(Data items)

☆ ☆ ☆ ☆

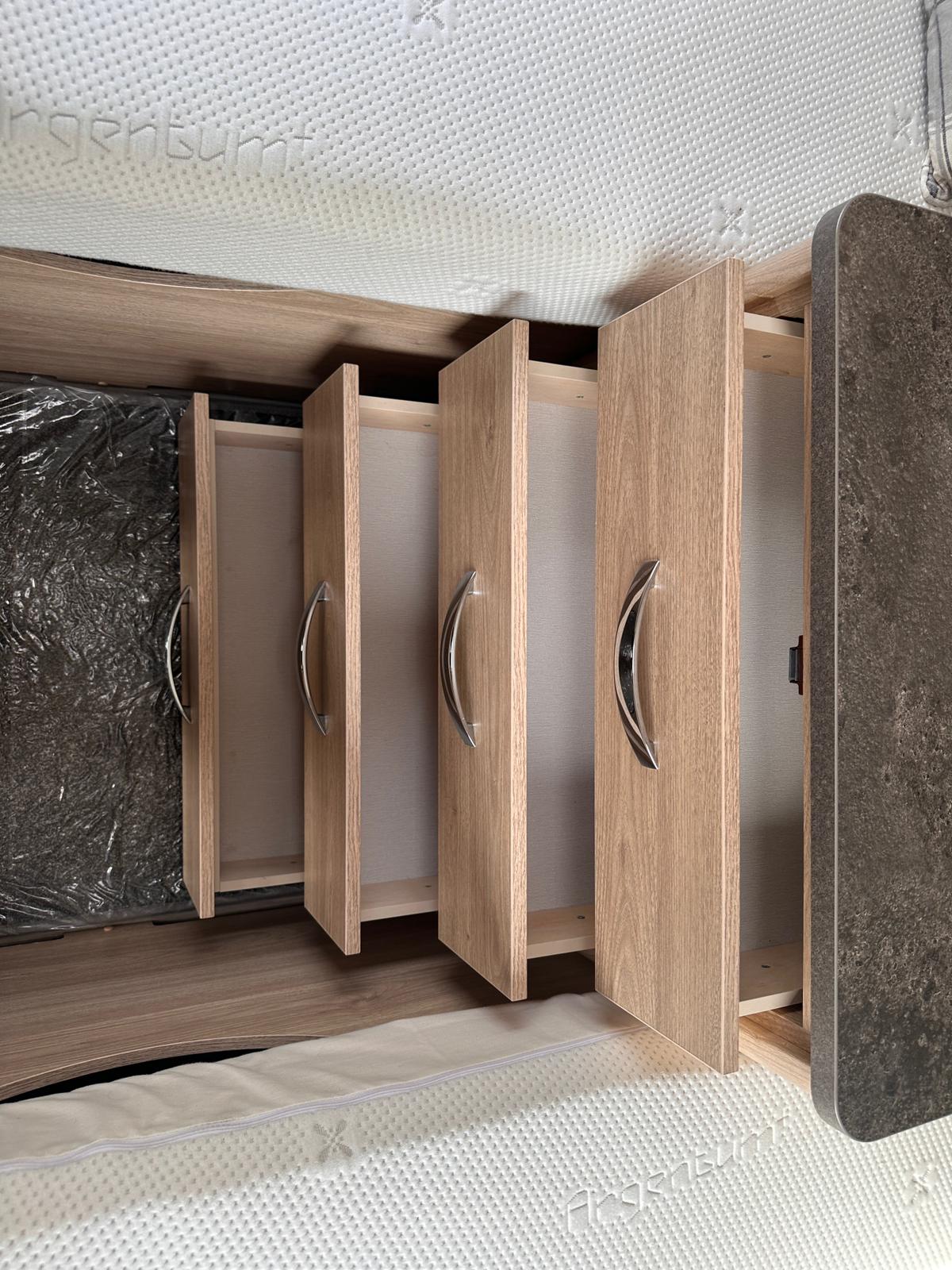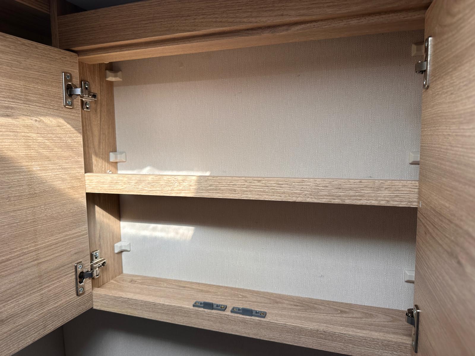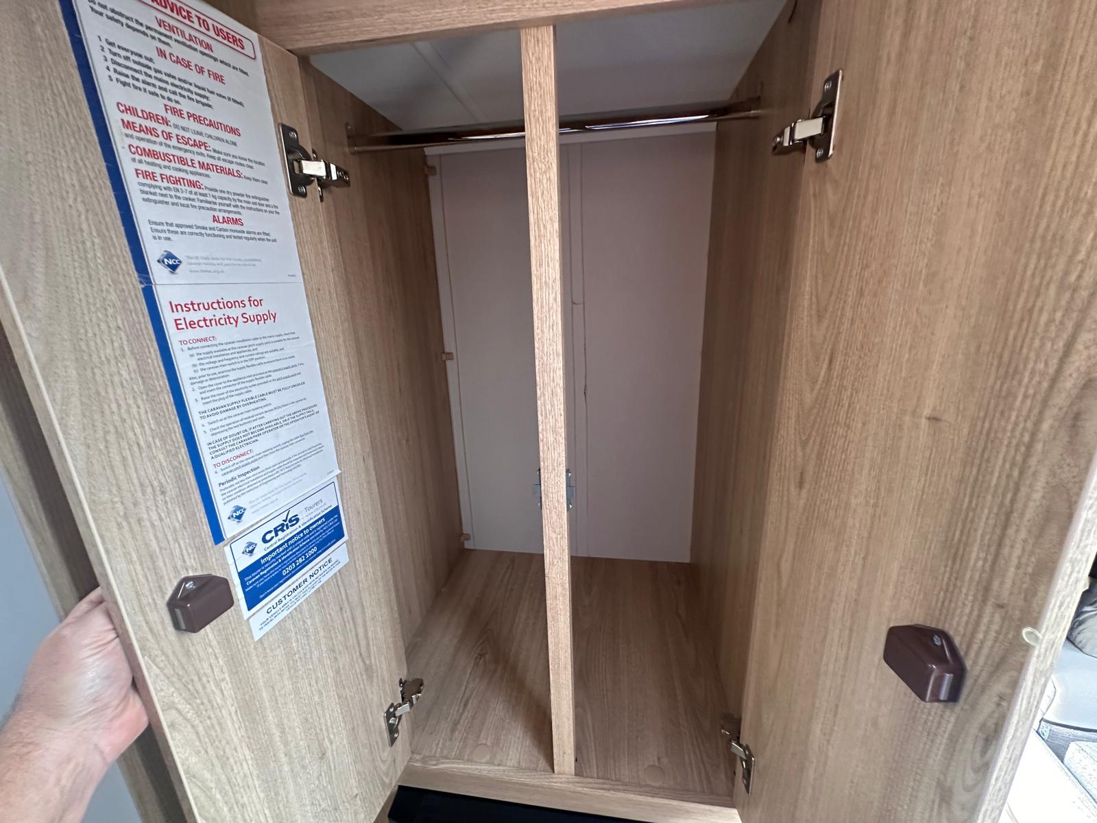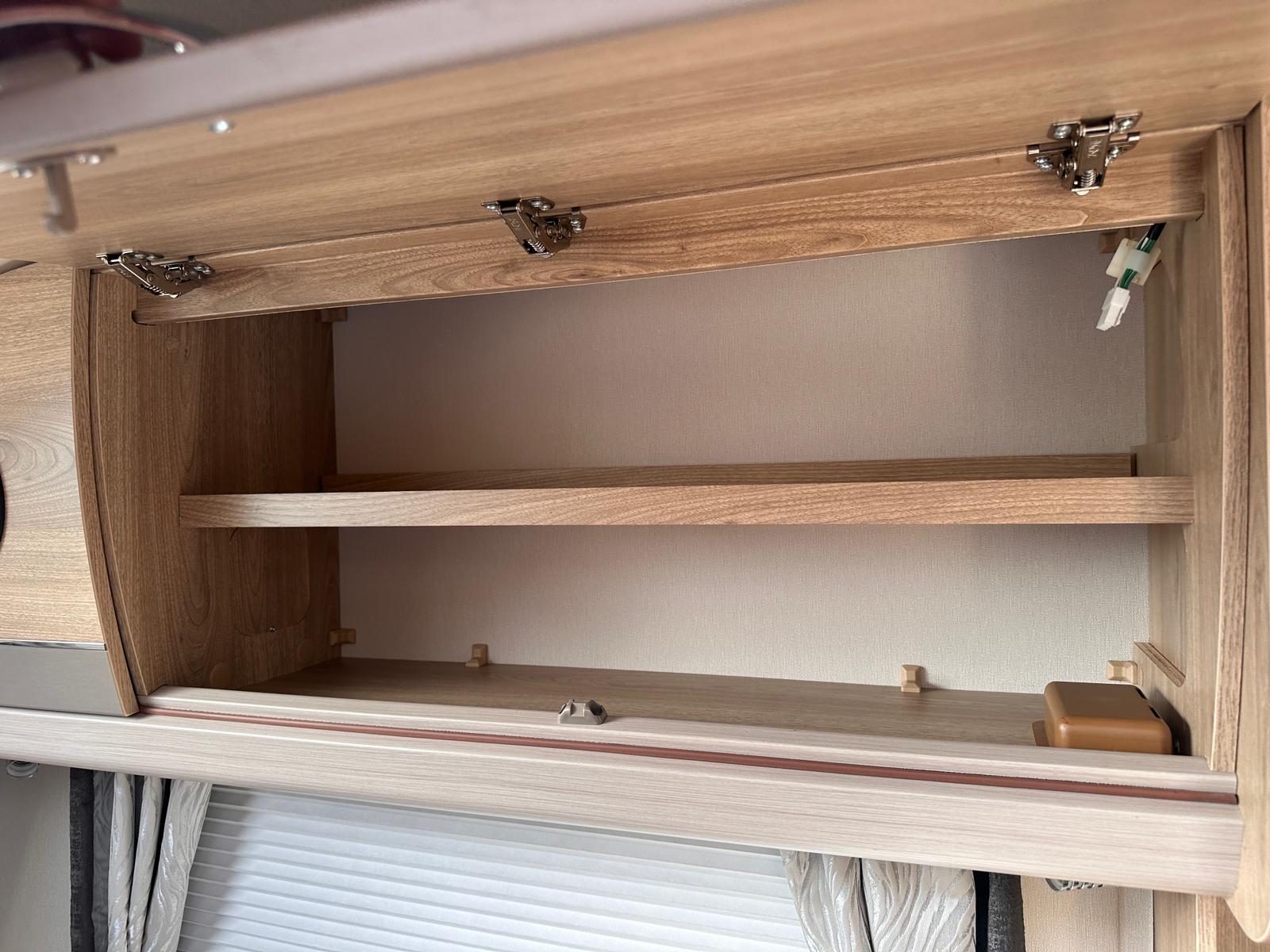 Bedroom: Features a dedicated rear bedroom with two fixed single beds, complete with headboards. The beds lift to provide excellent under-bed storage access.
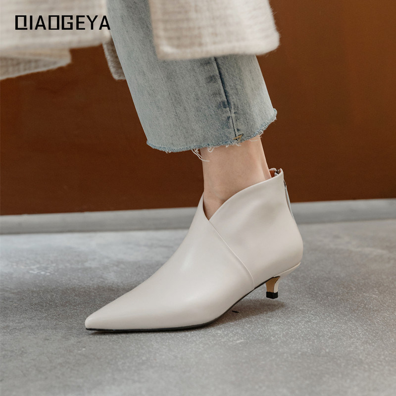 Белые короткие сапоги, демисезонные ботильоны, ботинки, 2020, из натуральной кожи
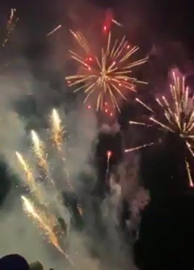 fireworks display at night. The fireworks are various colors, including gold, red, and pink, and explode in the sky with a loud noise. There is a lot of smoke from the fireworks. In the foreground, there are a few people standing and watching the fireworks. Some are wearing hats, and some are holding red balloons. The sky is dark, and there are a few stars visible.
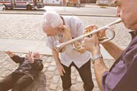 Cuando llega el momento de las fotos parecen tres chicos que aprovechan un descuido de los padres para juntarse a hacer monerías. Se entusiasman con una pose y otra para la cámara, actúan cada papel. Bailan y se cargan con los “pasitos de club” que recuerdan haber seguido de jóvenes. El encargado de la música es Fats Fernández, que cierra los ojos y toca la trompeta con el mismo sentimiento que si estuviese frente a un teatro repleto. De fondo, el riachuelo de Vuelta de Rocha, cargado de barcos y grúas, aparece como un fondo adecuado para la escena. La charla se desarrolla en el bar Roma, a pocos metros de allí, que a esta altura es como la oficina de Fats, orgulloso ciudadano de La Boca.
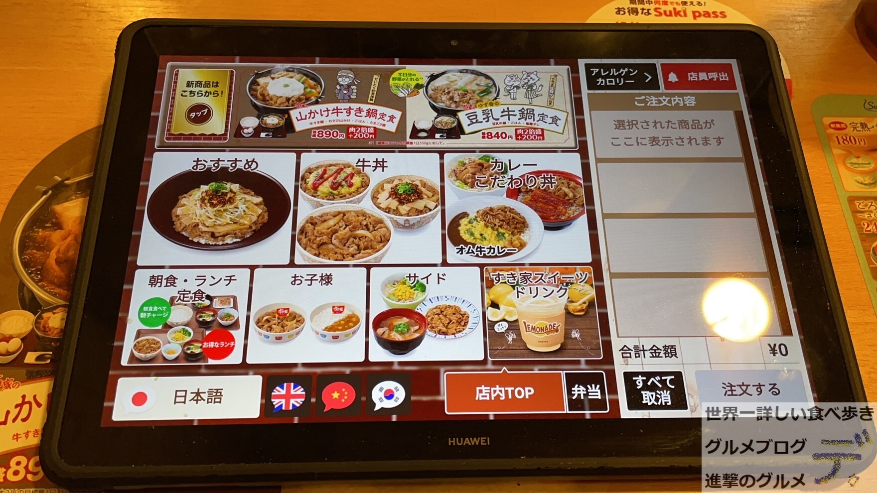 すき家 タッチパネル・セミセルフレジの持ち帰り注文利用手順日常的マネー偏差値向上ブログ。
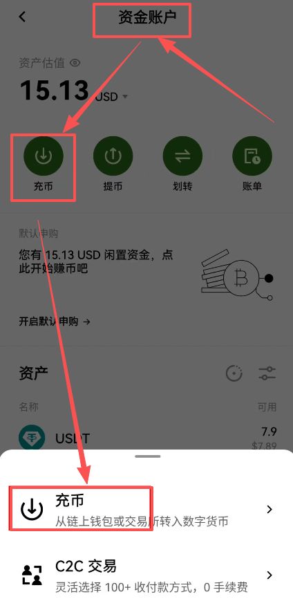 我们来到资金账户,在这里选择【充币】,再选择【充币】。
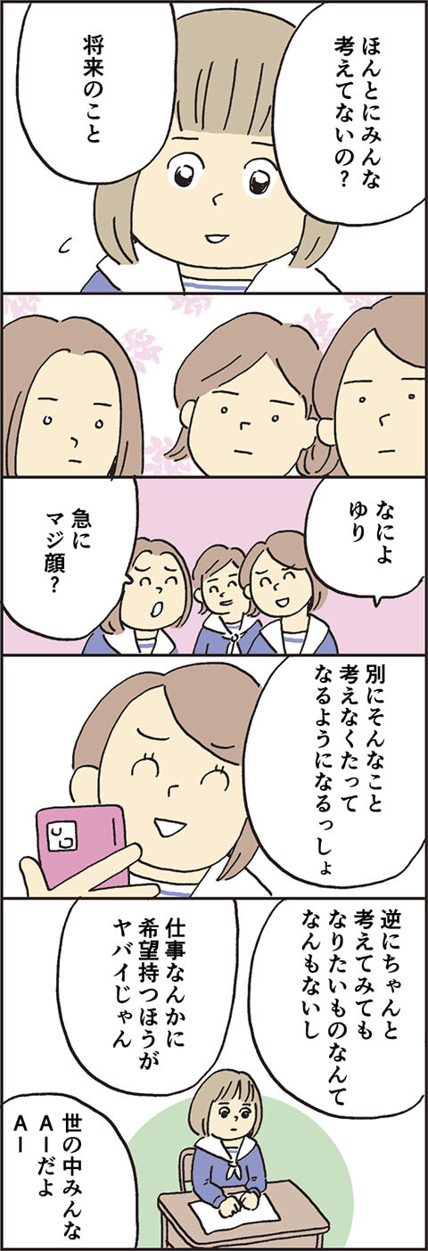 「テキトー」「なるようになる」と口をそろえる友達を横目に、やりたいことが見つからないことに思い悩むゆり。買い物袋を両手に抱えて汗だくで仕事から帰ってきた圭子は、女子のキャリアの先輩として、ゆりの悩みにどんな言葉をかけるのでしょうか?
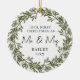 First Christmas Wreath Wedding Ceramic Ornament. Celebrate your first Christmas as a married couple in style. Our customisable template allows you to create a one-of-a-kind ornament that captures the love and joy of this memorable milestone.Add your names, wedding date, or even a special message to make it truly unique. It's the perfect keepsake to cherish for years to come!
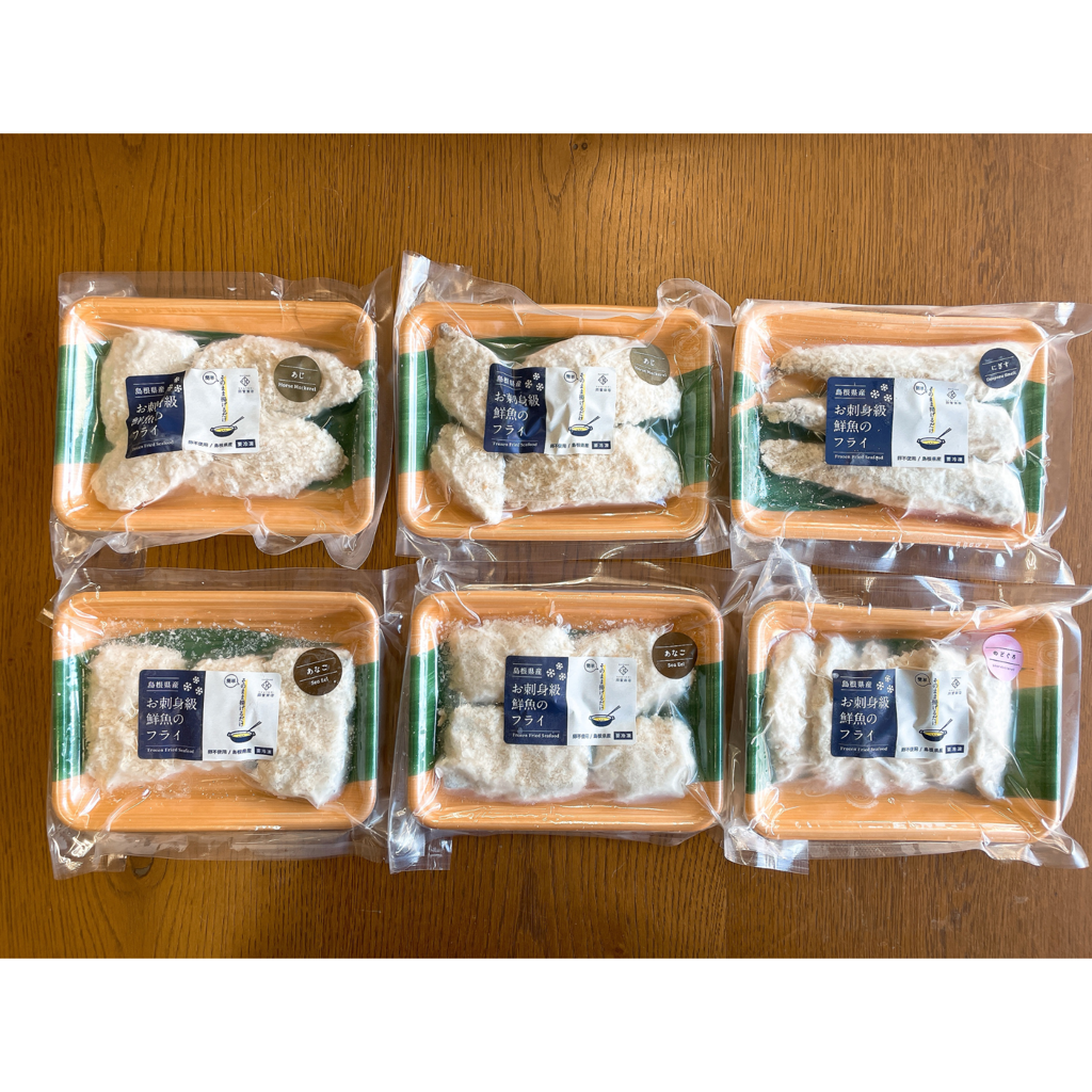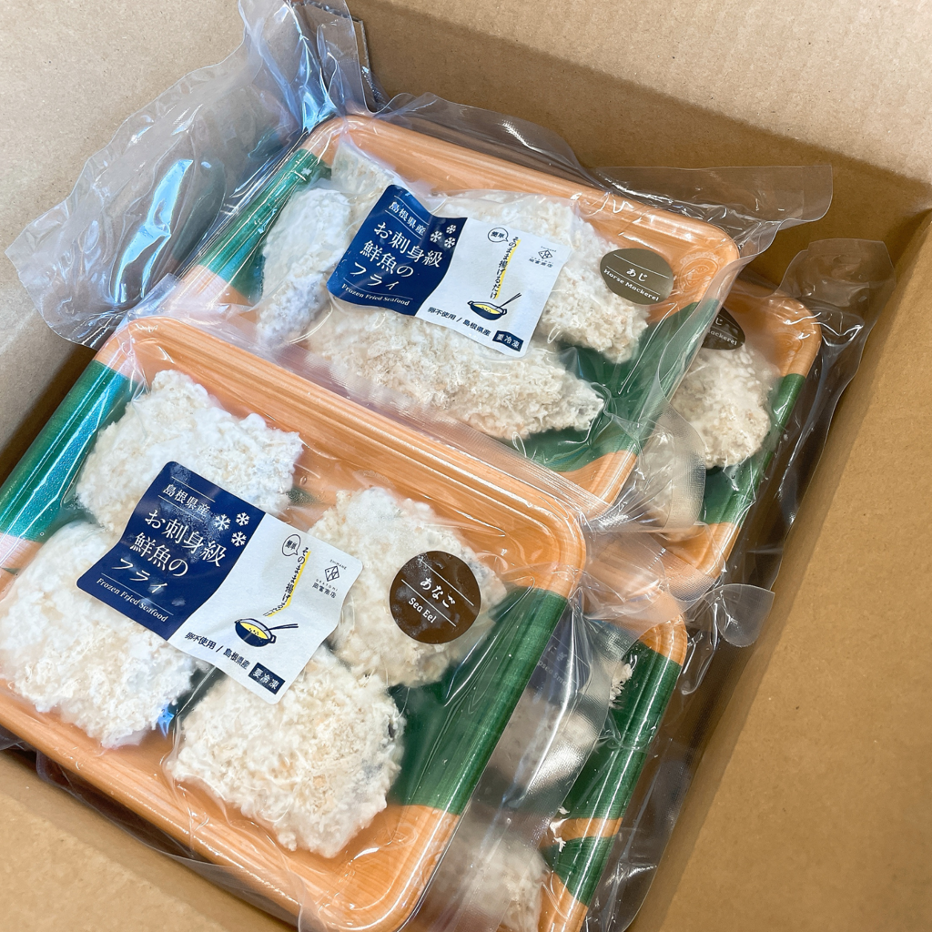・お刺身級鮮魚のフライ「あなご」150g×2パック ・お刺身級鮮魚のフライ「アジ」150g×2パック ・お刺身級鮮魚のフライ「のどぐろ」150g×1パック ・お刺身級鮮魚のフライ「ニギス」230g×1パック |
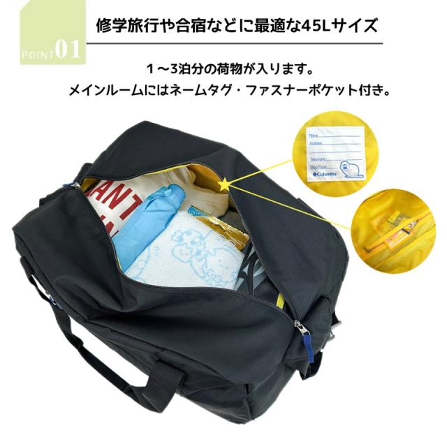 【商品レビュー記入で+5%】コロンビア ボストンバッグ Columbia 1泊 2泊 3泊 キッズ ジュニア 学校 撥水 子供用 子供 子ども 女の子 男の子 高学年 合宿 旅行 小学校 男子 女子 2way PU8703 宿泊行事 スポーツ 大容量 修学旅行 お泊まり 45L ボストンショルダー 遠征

☆ ☆ ☆ ☆

**GOAL OF THE EXERCISE**.
If an entry holds a picture, skip the picture and print the rest of the data exactly.

**RESPONSE**.
 Bedroom: Features a dedicated rear bedroom with two fixed single beds, complete with headboards. The beds lift to provide excellent under-bed storage access.
 Белые короткие сапоги, демисезонные ботильоны, ботинки, 2020, из натуральной кожи
 fireworks display at night. The fireworks are various colors, including gold, red, and pink, and explode in the sky with a loud noise. There is a lot of smoke from the fireworks. In the foreground, there are a few people standing and watching the fireworks. Some are wearing hats, and some are holding red balloons. The sky is dark, and there are a few stars visible.
 Cuando llega el momento de las fotos parecen tres chicos que aprovechan un descuido de los padres para juntarse a hacer monerías. Se entusiasman con una pose y otra para la cámara, actúan cada papel. Bailan y se cargan con los “pasitos de club” que recuerdan haber seguido de jóvenes. El encargado de la música es Fats Fernández, que cierra los ojos y toca la trompeta con el mismo sentimiento que si estuviese frente a un teatro repleto. De fondo, el riachuelo de Vuelta de Rocha, cargado de barcos y grúas, aparece como un fondo adecuado para la escena. La charla se desarrolla en el bar Roma, a pocos metros de allí, que a esta altura es como la oficina de Fats, orgulloso ciudadano de La Boca.
 すき家 タッチパネル・セミセルフレジの持ち帰り注文利用手順日常的マネー偏差値向上ブログ。
 我们来到资金账户,在这里选择【充币】,再选择【充币】。
 「テキトー」「なるようになる」と口をそろえる友達を横目に、やりたいことが見つからないことに思い悩むゆり。買い物袋を両手に抱えて汗だくで仕事から帰ってきた圭子は、女子のキャリアの先輩として、ゆりの悩みにどんな言葉をかけるのでしょうか?
 First Christmas Wreath Wedding Ceramic Ornament. Celebrate your first Christmas as a married couple in style. Our customisable template allows you to create a one-of-a-kind ornament that captures the love and joy of this memorable milestone.Add your names, wedding date, or even a special message to make it truly unique. It's the perfect keepsake to cherish for years to come!
・お刺身級鮮魚のフライ「あなご」150g×2パック ・お刺身級鮮魚のフライ「アジ」150g×2パック ・お刺身級鮮魚のフライ「のどぐろ」150g×1パック ・お刺身級鮮魚のフライ「ニギス」230g×1パック |
 【商品レビュー記入で+5%】コロンビア ボストンバッグ Columbia 1泊 2泊 3泊 キッズ ジュニア 学校 撥水 子供用 子供 子ども 女の子 男の子 高学年 合宿 旅行 小学校 男子 女子 2way PU8703 宿泊行事 スポーツ 大容量 修学旅行 お泊まり 45L ボストンショルダー 遠征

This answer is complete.